_DIRECTIONS_. When writing out the listing below, reproduce every word exactly and skip the pictures.
DATASET EXCERPTS Block Start
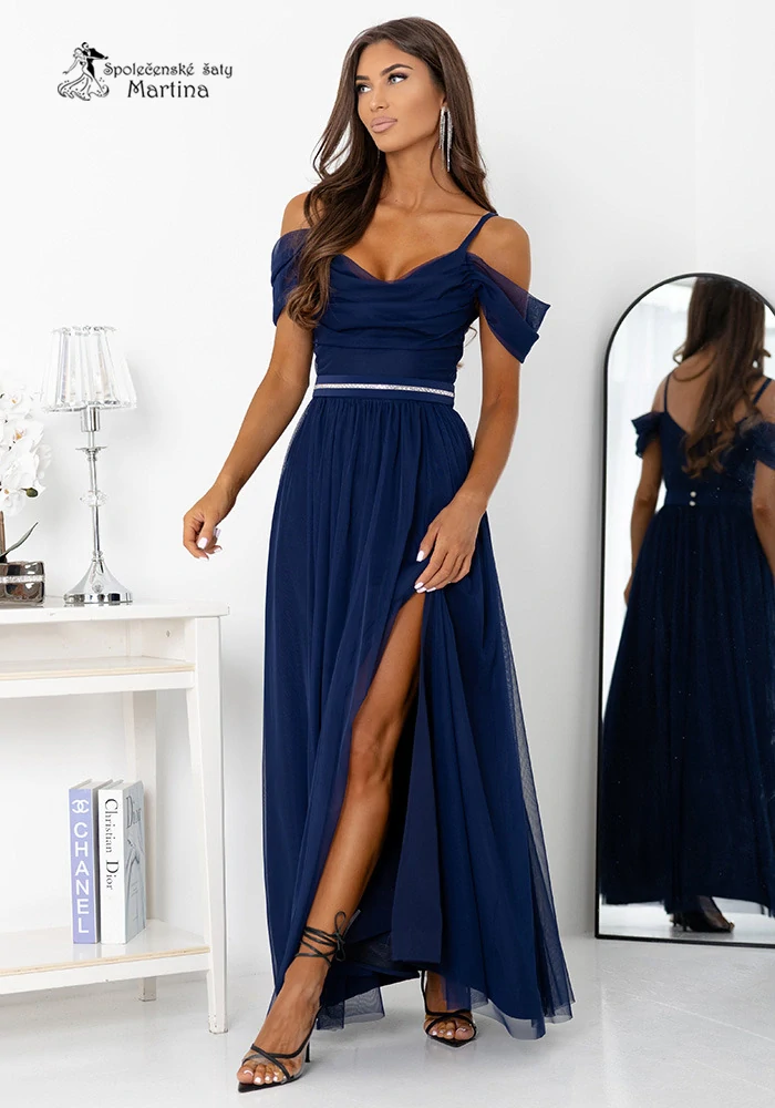 - Tmavě modré tylové společenské šaty "Kiara" s rozparkem a spadenými rameny
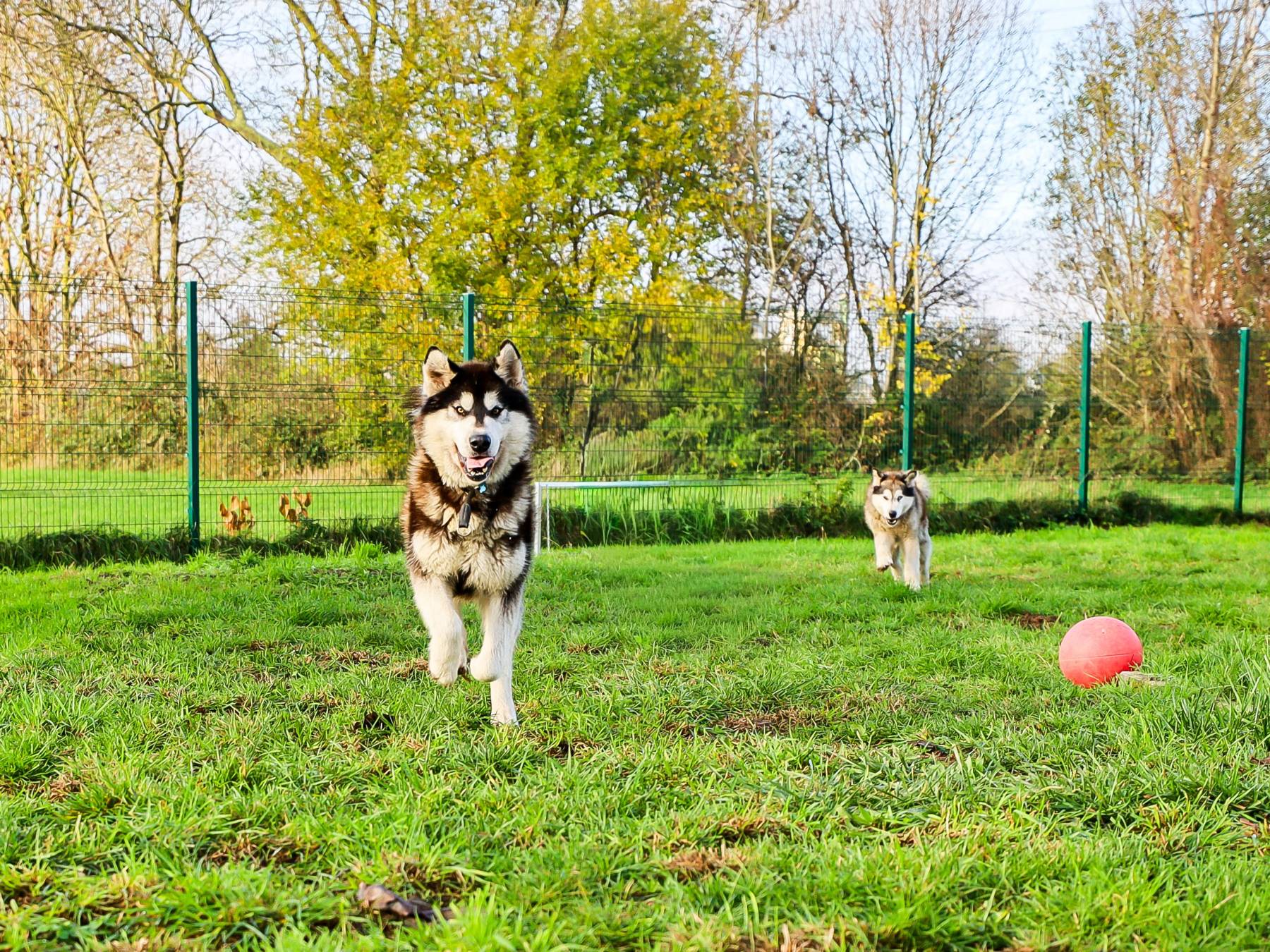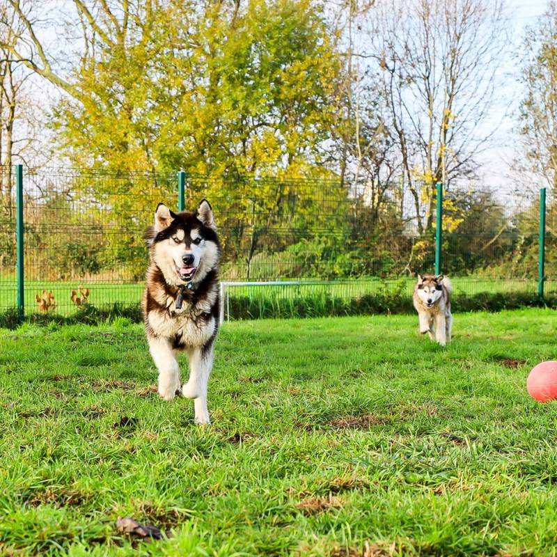Ook wandelen aan de leiband waren ze niet gewoon. Ze durven dan ook wel nog een beetje trekken maar valt mee. Wel verschieten ze nog gemakkelijk van drukte en geluiden op wandeling, hier is zeker nog wat socialisatie bij nodig. In de woning waren ook katten aanwezig, deze hebben ze wel soms kort gezien en reageerde ze wel oke op volgens de eigenaar maar er is nooit echt contact geweest.
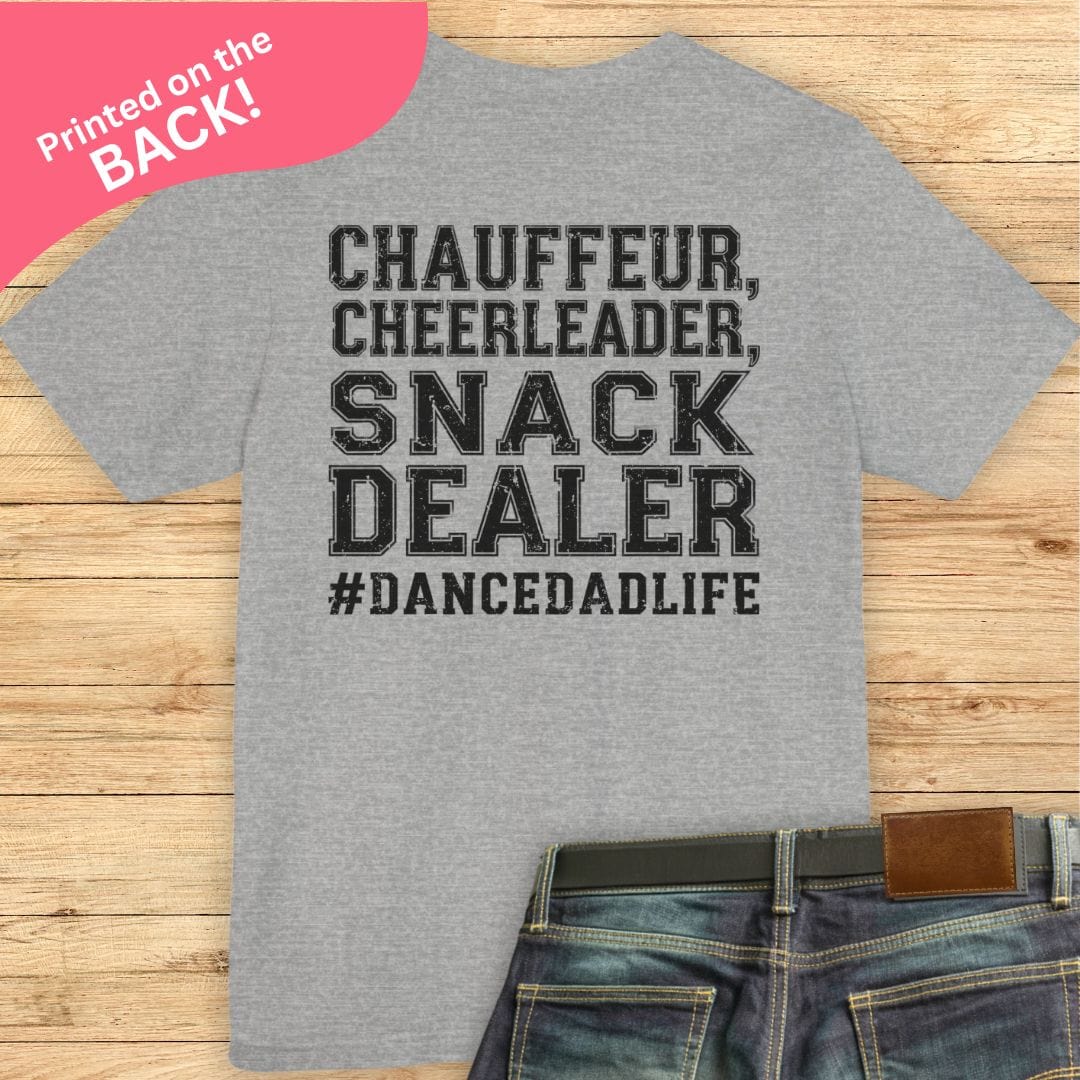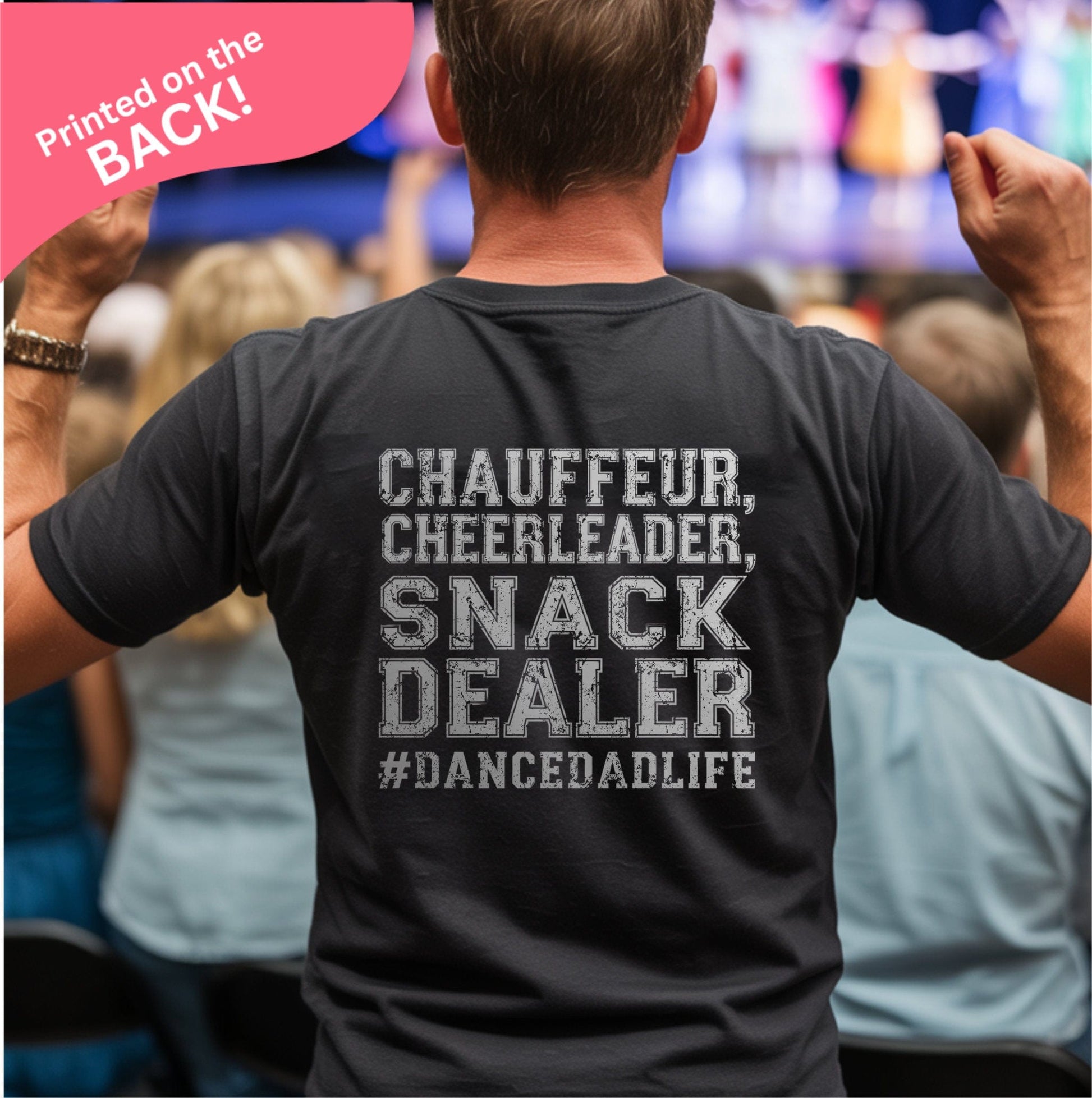 He may not know the routine, but he knows the call time, the coffee order, and exactly where the fruit snacks are. This back print celebrates the dance dad doing it all — behind the wheel, in the crowd, and always on snack duty. Support crew? More like MVP. PRINTED ON THE BACK
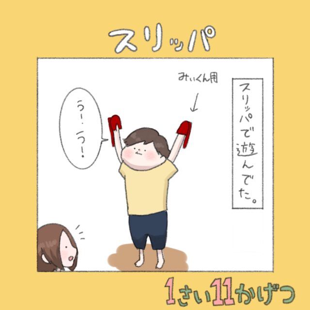 2歳の男の子みぃくんのお母ちゃんであるねむりひつじさんから、みぃくんのスリッパのお話です。みぃくんはスリッパで何をして遊んでいたのかな?
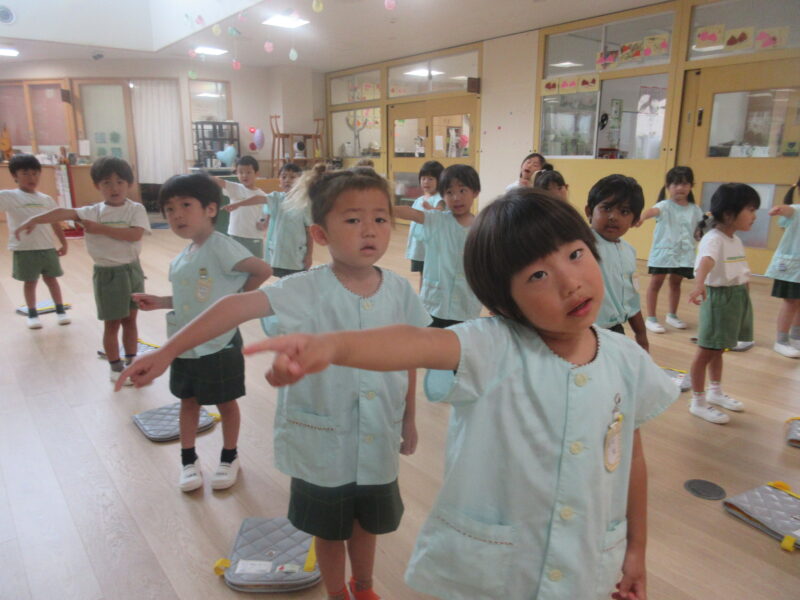 次は、みんなの番だよ~!足でリズムをとりながら、段々早くしてやってみよう!
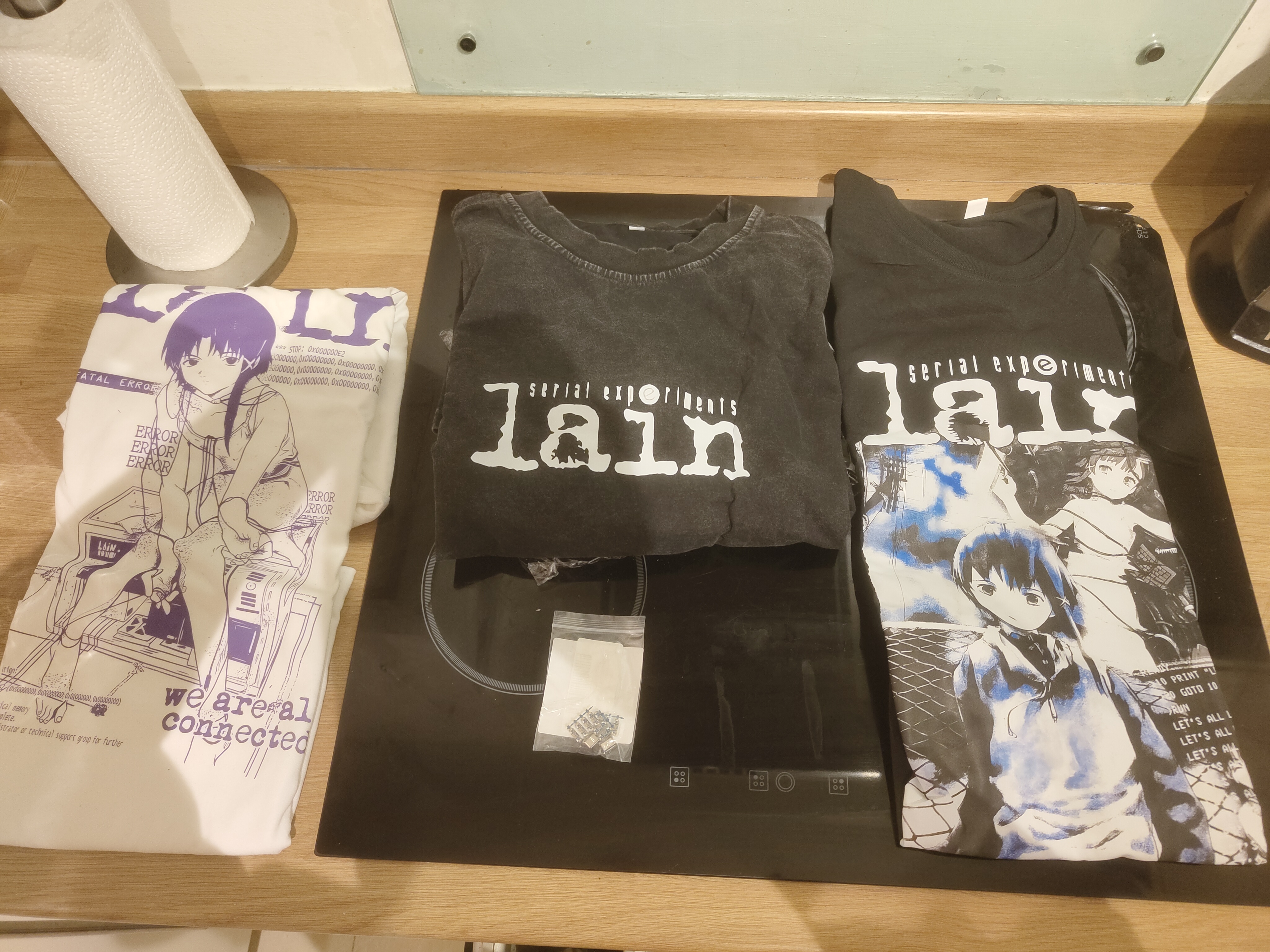 my chink lain tshirts came they seem decent quality wise especially the middle one the material is thick its great that lain is now popular with tiktok normies theres lain stuff all over aliexpressalso some small female usb c plugs for microusb footprint
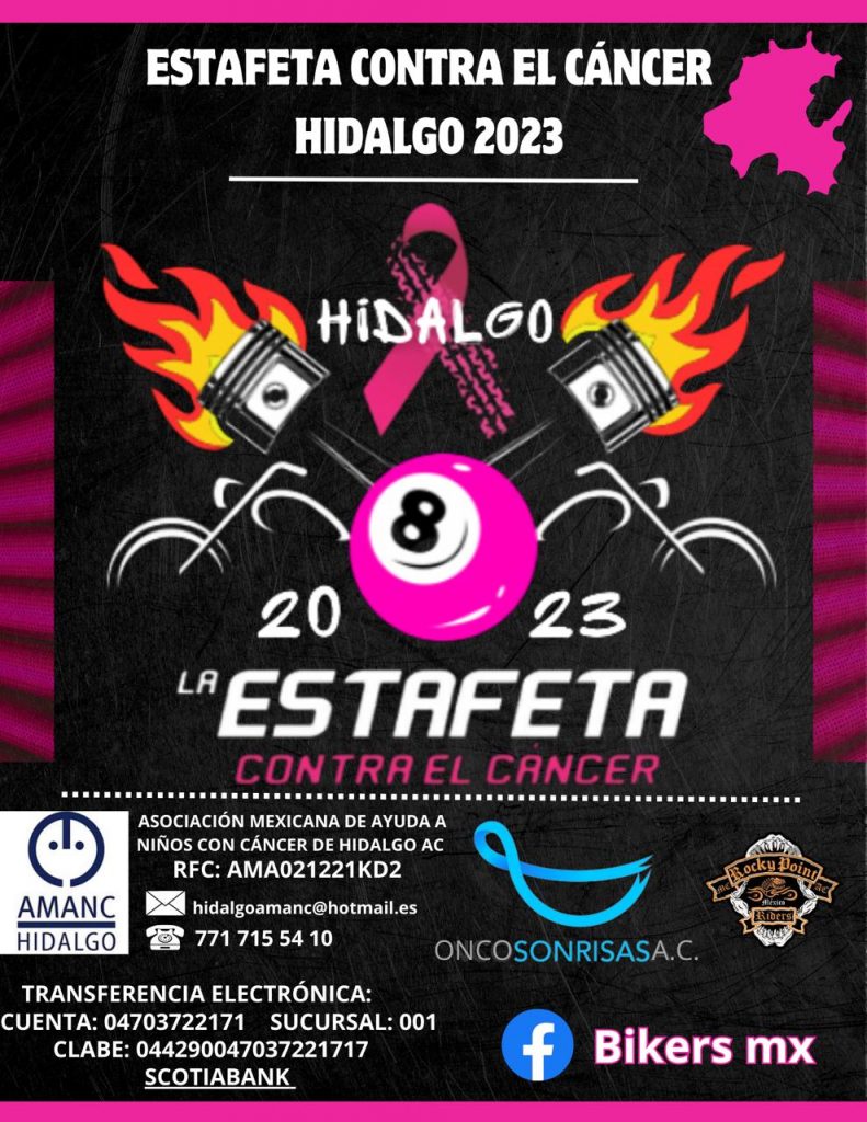 Huejutla, Hgo.- El Presidente del Club de Motociclistas Comanders Huejutla y encargado de la Estafeta en Hidalgo, Zoroastro Cabrera Teodoro, confirma que actualmente se realizan acciones de colecta económica entre la población, denominada Estafeta contra el Cáncer 2023 y a nivel nacional se aplica con la idea principal de ayudar a los estados que tienen, especialmente, niños con cáncer, y que se trabaja, principalmente, con las organizaciones sin fines de lucro.
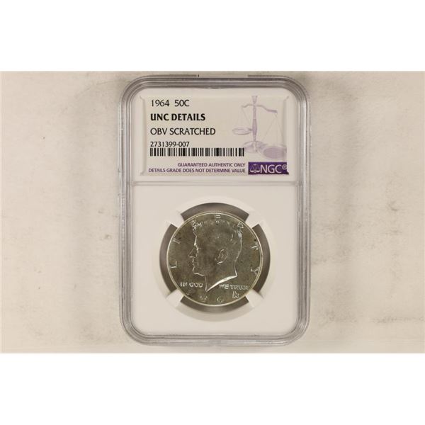 1964 KENNEDY HALF DOLLAR NGC UNC DETAILS OBV.
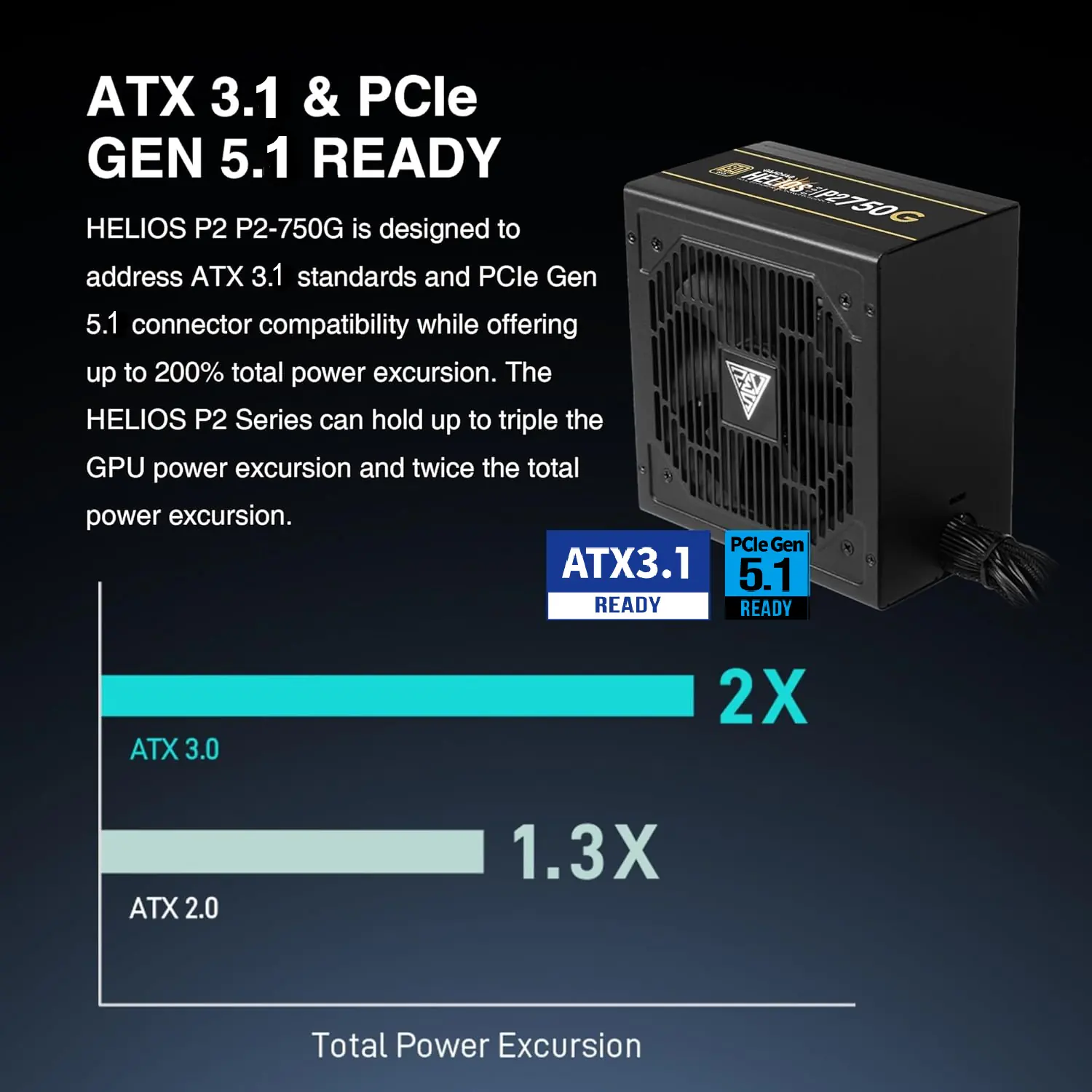 - ATX 3.1 & PCIe Gen 5.1 Ready : Future-proof your build. This PSU supports up to 200% total power excursion and triple GPU power excursion, meeting Intel’s latest ATX 3.1 and PCIe 5.1 standards.
DATASET EXCERPTS Block End
_OUTPUT_.
 - Tmavě modré tylové společenské šaty "Kiara" s rozparkem a spadenými rameny
Ook wandelen aan de leiband waren ze niet gewoon. Ze durven dan ook wel nog een beetje trekken maar valt mee. Wel verschieten ze nog gemakkelijk van drukte en geluiden op wandeling, hier is zeker nog wat socialisatie bij nodig. In de woning waren ook katten aanwezig, deze hebben ze wel soms kort gezien en reageerde ze wel oke op volgens de eigenaar maar er is nooit echt contact geweest.
 He may not know the routine, but he knows the call time, the coffee order, and exactly where the fruit snacks are. This back print celebrates the dance dad doing it all — behind the wheel, in the crowd, and always on snack duty. Support crew? More like MVP. PRINTED ON THE BACK
 2歳の男の子みぃくんのお母ちゃんであるねむりひつじさんから、みぃくんのスリッパのお話です。みぃくんはスリッパで何をして遊んでいたのかな?
 次は、みんなの番だよ~!足でリズムをとりながら、段々早くしてやってみよう!
 my chink lain tshirts came they seem decent quality wise especially the middle one the material is thick its great that lain is now popular with tiktok normies theres lain stuff all over aliexpressalso some small female usb c plugs for microusb footprint
 Huejutla, Hgo.- El Presidente del Club de Motociclistas Comanders Huejutla y encargado de la Estafeta en Hidalgo, Zoroastro Cabrera Teodoro, confirma que actualmente se realizan acciones de colecta económica entre la población, denominada Estafeta contra el Cáncer 2023 y a nivel nacional se aplica con la idea principal de ayudar a los estados que tienen, especialmente, niños con cáncer, y que se trabaja, principalmente, con las organizaciones sin fines de lucro.
 1964 KENNEDY HALF DOLLAR NGC UNC DETAILS OBV.
 - ATX 3.1 & PCIe Gen 5.1 Ready : Future-proof your build. This PSU supports up to 200% total power excursion and triple GPU power excursion, meeting Intel’s latest ATX 3.1 and PCIe 5.1 standards.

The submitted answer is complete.